The model calls for the errors to fall within plus-or-minus 3 points 90% of the time (in the long run, mind you). Ten percent of 24 trials is 2.4, so we should expect maybe 2 or 3 results to fall outside the plus-or-minus 3 band. In this little experiment, it happened four times, twice going high and twice low. Please note the dashed line marking the −2.5 boundary. Whenever the leader's margin was underestimated by at least 2.5 points (in a race with an actual 5-point margin), the lead changes hands—according to the poll, not reality. Imagine the breathless reports that would immediately blossom on the cable news networks, newspapers, radio talk shows, and blogs. Panic! Or elation!

Another thing to keep in mind: The model did the exact same randomized calculation each time, assuming no actual change in the electorate. You still get variation, an inevitable consequence of sample-based statistics. You're stuck with it and you have to live with it. And pundits love to live with it because it gives the illusion of motion even when none exists.

People should just calm down.

I swear that I did not cherry-pick my results in order to present one that looked especially dramatic. The graph above shows my initial run. I cranked out some more examples, just to see what they looked like. These appear, together with the original experiment, in the graph below. Does it look chaotic enough for you? (Only the blue graph failed to produce an artificial swap in the lead.) See? Major developments in the campaign! We have headlines!


unapologetic said...

Idea: plot the result including the distribution. Of course, most people can't read a probability distribution worth a damn, so here's what I'm thinking...

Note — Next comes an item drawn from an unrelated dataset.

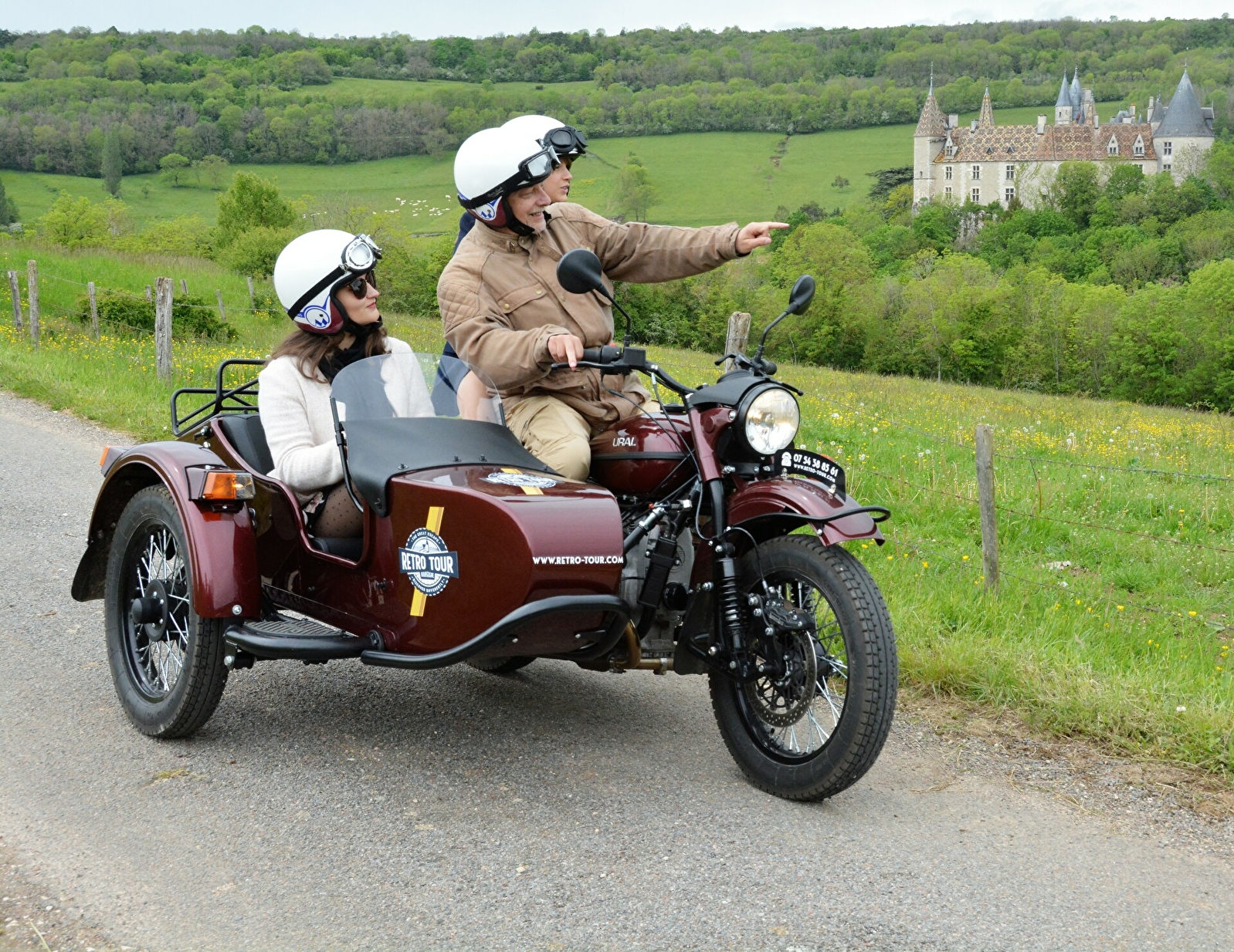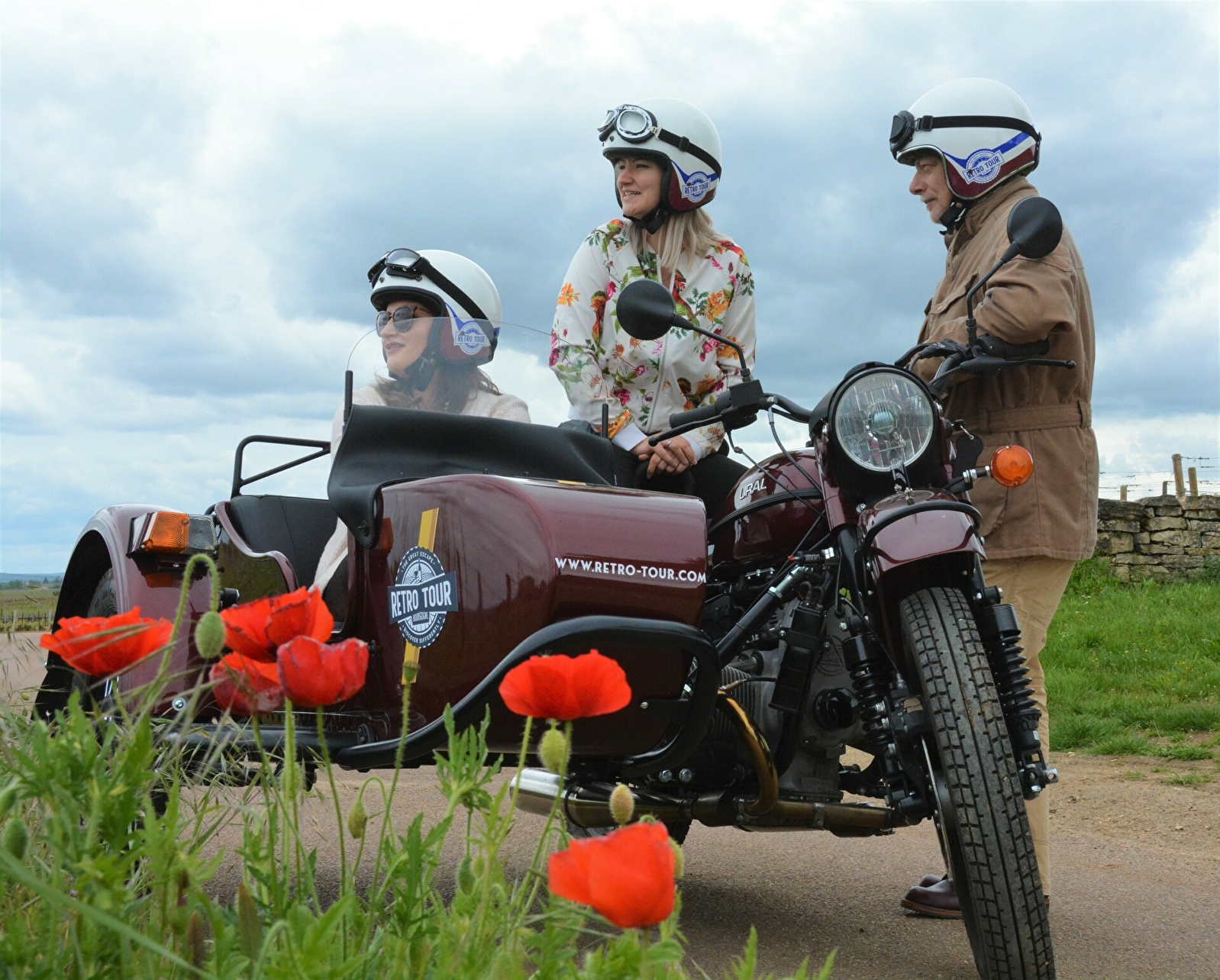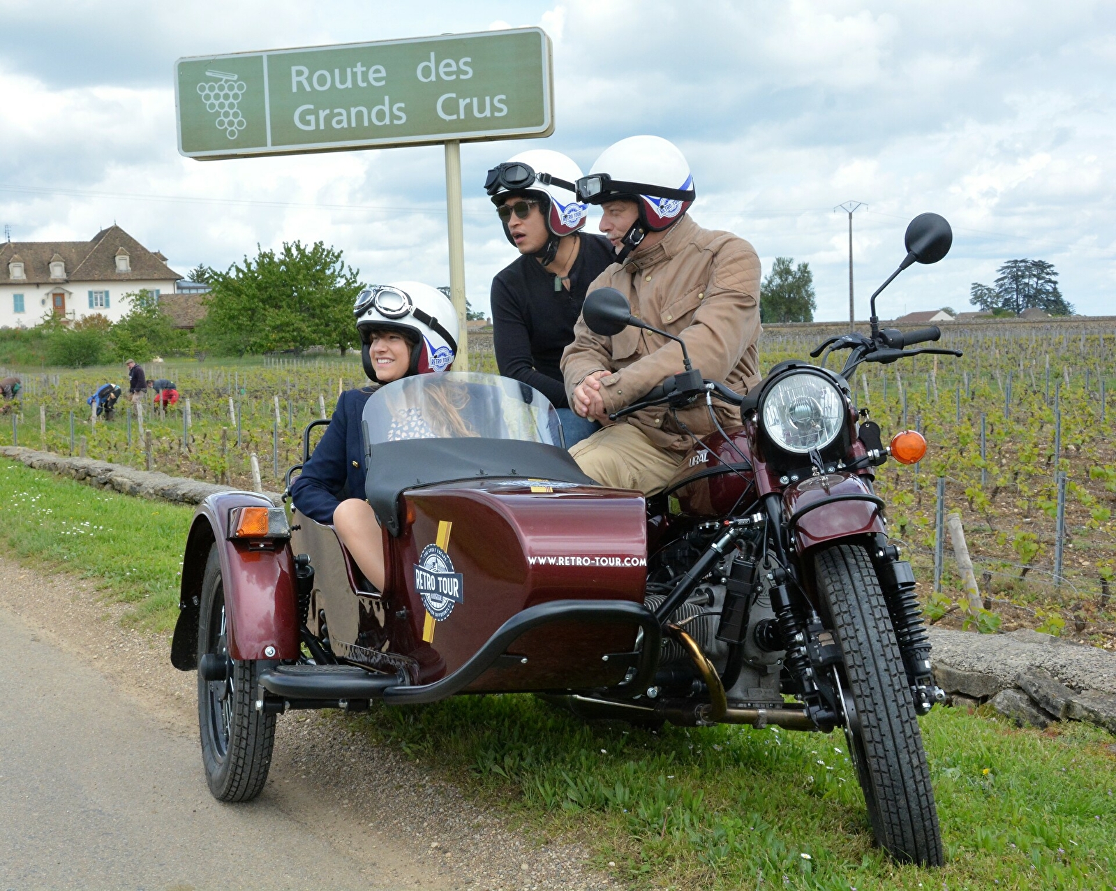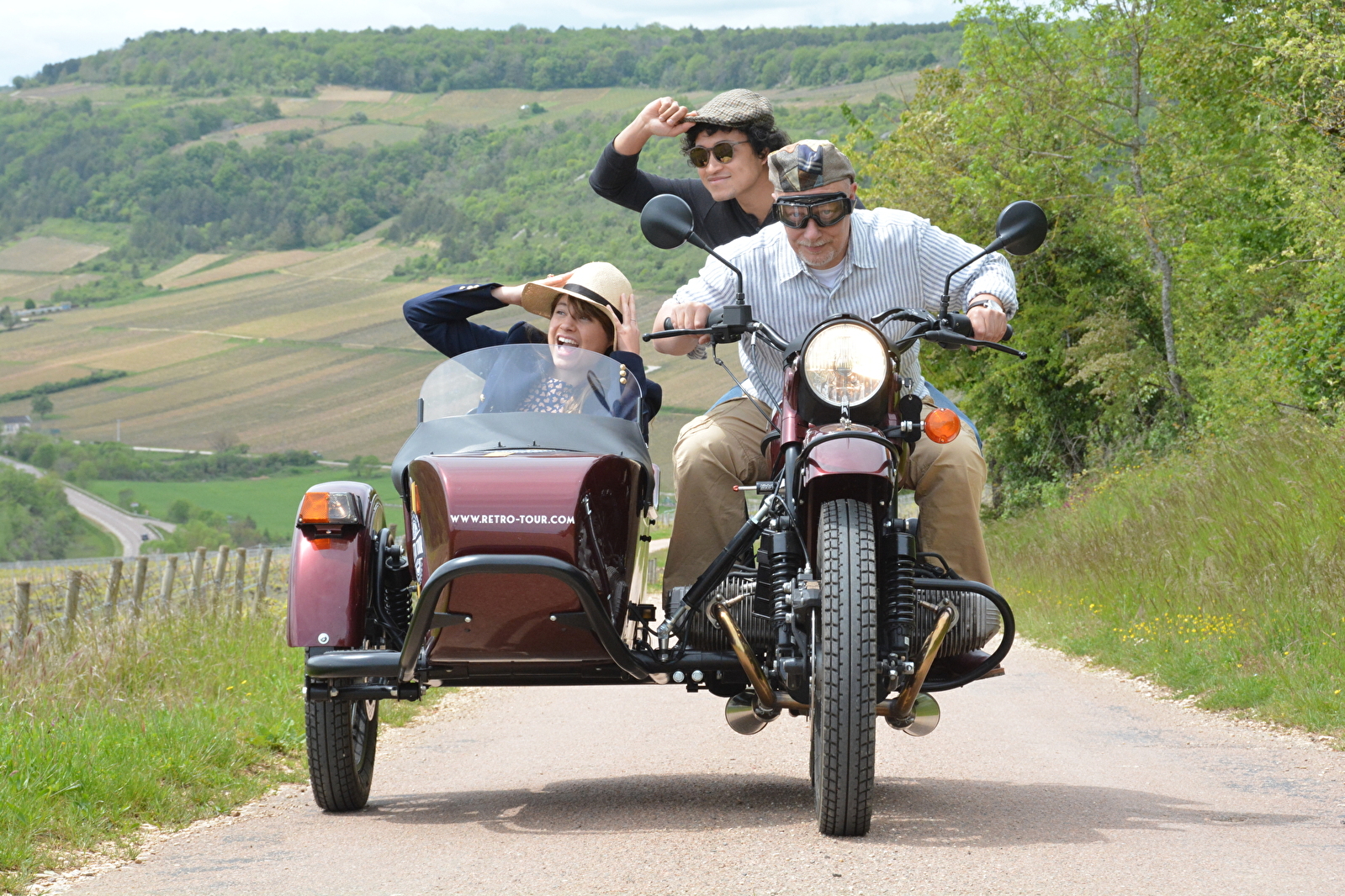 Découverte du patrimoine paysager viticole et architectural du Pays Beaunois à bord d'un side-car vintage. Dans le plus pur style "Grande Vadrouille" cher aux cinéphiles, l'objectif est d'offrir une expérience immersive, sur mesure et originale avec un véhicule alliant charme et touche rétro tout en proposant des commentaires pertinents et décalés.

Don't plot the curve. Plot a vertical bar shaded more or less densely according to the probability density function. Then for each [time-unit] of your tracking poll, plot a bar graph, but use these "density bars" instead of a simple height. Even better would be if you can smooth out the jumps at the edges of the bars.

Of course I can't program to save my life, so I don't have any examples of this... maybe a bleg...

Sili said...

I hate that!

They do it here, too. Even outside of election time. And don't get me started on referenda.

I wish I knew what to do to get a ban on polling. At least in the run-up to elections. Including bloody exitpolls.

/rant /rage

Proud2bHumble said...

Would peckers account for holes in telephone polls?
Cuz if you pick a pack of polling peckers,
you'll probably find their fingers free
nearly never nine to nine,
when paleold voters dine in their homes at scheduled times,
while the working poor
ain't rolled in the door
from their second job at the store,
and the youngsters don't mind
not bein' landlined...
So the peckers
hardly penetrate,
so demoscriminate...
Just like a buncha peckers,
always skewing things up.


William said...

Maybe I'm just not paying enough attention, but I never hear the talking heads say anything like "accuracy within 3 percentage points 90% of the time" -- it's always just "margin of error, 3 percentage points", implying that the error will never be outside that range.

Perhaps "margin of error" is more a term of art than I suspected?

Zeno said...

You're right, William. The talking heads never include the specifics of what plus-or-minus 3 points really means. Even print media, where they have more room for details, avoid talking about confidence intervals and the probability of being within the so-called margin of error. It's a shortcut that misleads people and suggests more precision than is actually the case.

Don't hold your breath expecting them to fix that.